100000000 / 3 = 33333333 with remainder 1

And that remainder is telling us that we are in a situation where we cannot guarantee that the operation is going to end in finite time, so we throw an exception and ask the user to specify the decimal mode to his own satisfaction, here is the snippet that does that:

if (divRem.remainder != BigInteger.ZERO) {
                throw ArithmeticException("Non-terminating result of division operation " +
                        "(i.e. 1/3 = 0.3333... library needs to know when to stop and how to round up at that point). " +
                        "Specify decimalPrecision inside your decimal mode.")
            }
skolson commented 3 years ago

Cool. I was thinking of precision as number of "significant digits" in the mantissa, irrespective of how the mantissa got calculated, and in the BigDecimal, the trailing zeroes are not significant (unlike BigInteger or any operations on the significand BigDecimal owns). I'm guessing other people could make the same assumption, so this might be an ongoing source of questions :-)

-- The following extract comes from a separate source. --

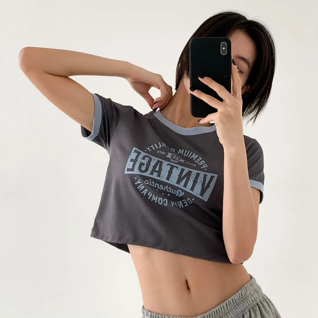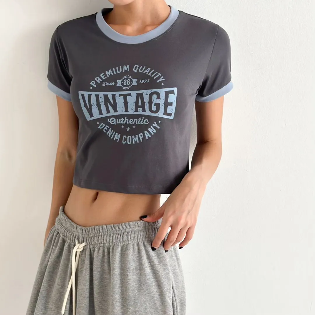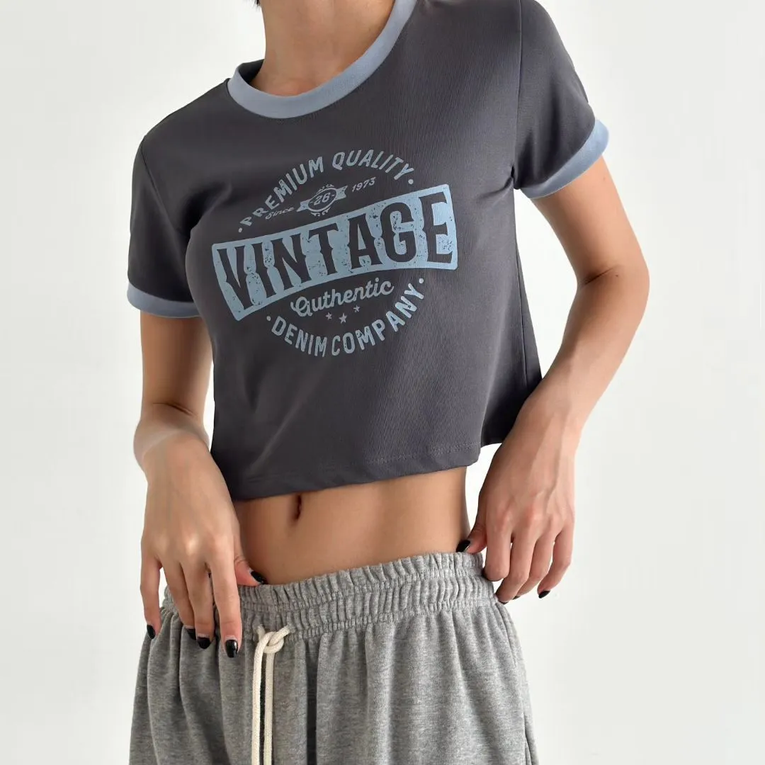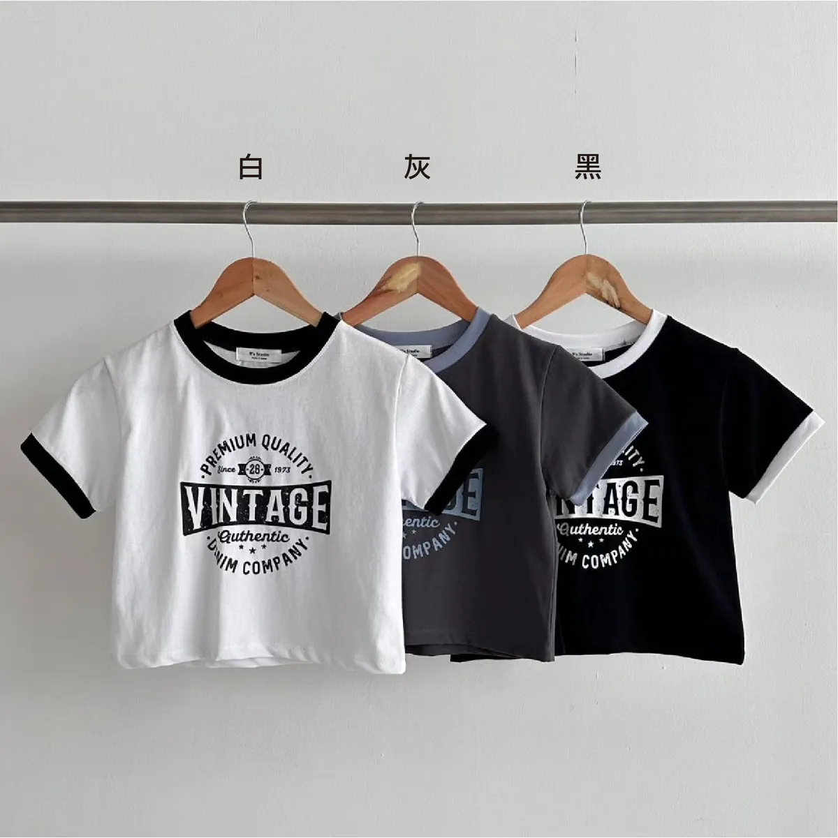 KM459滾邊Vintage短版Tshirt 白 灰 黑 官網價$380 線上價$350

But since precision can do this, I'll come up with a different way to detect loss of precision during narrow operations

ionspin commented 3 years ago

That is a good point and I agree, I'll clarify that in the development wiki.

skolson commented 3 years ago

Oops, didn't get to this today, and am gonna be gone for a while, will do a pull request in a couple weeks.

ionspin commented 3 years ago

No rush, I'll have a crack at it next weekend in I get some free time.

skolson commented 3 years ago

Hey, I'm back from my trip and later today will get up to speed with the work you've done. Thanks!!

ionspin commented 3 years ago

Hey Steven, welcome back! I've added the check if the number can be exactly represented by converting the significand to IEEE 754 binary format. Then I count the number of bits in the resulting number and fail if it's more than 23 for float or 53 for double.

I think that that will not cover all the cases though. I am fairly certain that we need to add another check for integer precision, because looking at the wiki article here https://en.wikipedia.org/wiki/Single-precision_floating-point_format at the bottom it refers to integer precision, and currently we don't actually check that at all.

Also I found out that MIN_VALUE for both double and float, actually cannot be represented in binary format, but that's not immediately apparent because toString does rounding for automatically. You can see it discussed here https://stackoverflow.com/a/12128867/196263

For example MIN_VALUE for float is not 1.4E-45, but 1.40129846432481707092372958328991613128026194187651577175706828388979108268586060148663818836212158203125E-45

On the other hand, when BigDecimal is created from float, it will actually parse floats toString output, so the BigDecimal will be precisely 1.4E45, and when narrowing the test to see if it can be converted to float will fail (because it really can't). So I removed those cases from the tests.

ionspin commented 3 years ago

I think that that will not cover all the cases though. I am fairly certain that we need to add another check for integer precision, because looking at the wiki article here https://en.wikipedia.org/wiki/Single-precision_floating-point_format at the bottom it refers to integer precision, and currently we don't actually check that at all.

Although on other hand, maybe the current check with bit counting actually covers that as well, I'll need to add some test cases to check for that.